Full Transparency and Understanding of the Supply Chain

In today’s environment, owning the supply chain has never been more critical. Data analytics can help mitigate the challenges that have cropped up with the current supply chain crisis. For manufacturing businesses, this means having the right number of resources. Data analytics allows manufacturers to remain as lean as possible, which is especially important in today’s global climate. Organizations need to use data analytics to ensure they have the right amount of material and optimize their supply chains during a time when resources are scarce and things are uncertain. 

Reduced Costs

Manufacturing analytics reveals insights that can be used to optimize processes, which leads to cost savings. Predictive maintenance programs decrease downtime and manage parts inventories more intelligently, limiting costs and increasing productivity. Robotics and machine learning reduce labor and the associated costs. 

Increased Revenue

Manufacturers must be dynamic in responding to demand fluctuations. Near-real-time manufacturing analytics allows companies to be responsive to ever-changing demands. At any given time, manufacturing companies have up-to-date insights into inventory, product, and supply chains, allowing them to adjust to demand accordingly in order to maintain delivery times. 

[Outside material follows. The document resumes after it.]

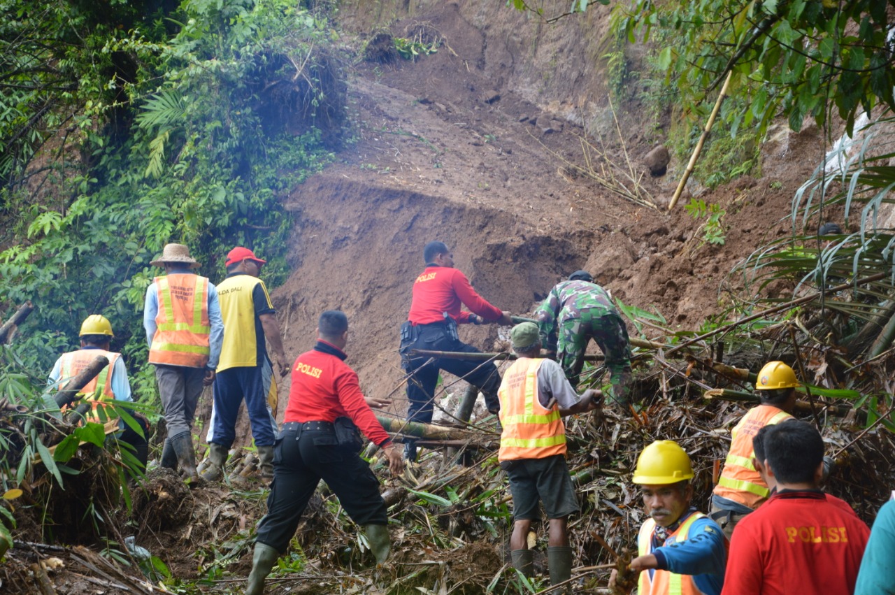Bali Tribune/Suasana proses evakuasi tanah longsor.

Improved Efficiency Across the Board

The amount of information that product equipment collects enables manufacturers to increase efficiency in a variety of ways. This includes reducing energy consumption, mitigating compliance errors, and controlling the supply chain. 

Greater Customer Satisfaction

At the end of the day, it is important to know what customers want. Data analytics is a crucial tool in collecting data from customer feedback, which can be applied to streamlining the process per the customer’s requirements. Manufacturers can analyze the data collected to determine how to personalize services for their consumers, thereby, increasing customer satisfaction. 

Conclusion

The effects of COVID-19 have shaken up the manufacturing industry. Because of the pandemic’s disruptions, manufacturers are realizing the importance of robust tools – like cloud computing and data analytics – to remain agile, lean, and flexible regardless of external challenges. The benefits that organizations can reap from these technologies go far beyond the horizon of the current supply chain crisis. Leading manufacturers are using data from systems across the organization to increase efficiency, drive innovation, and improve overall performance in any environment.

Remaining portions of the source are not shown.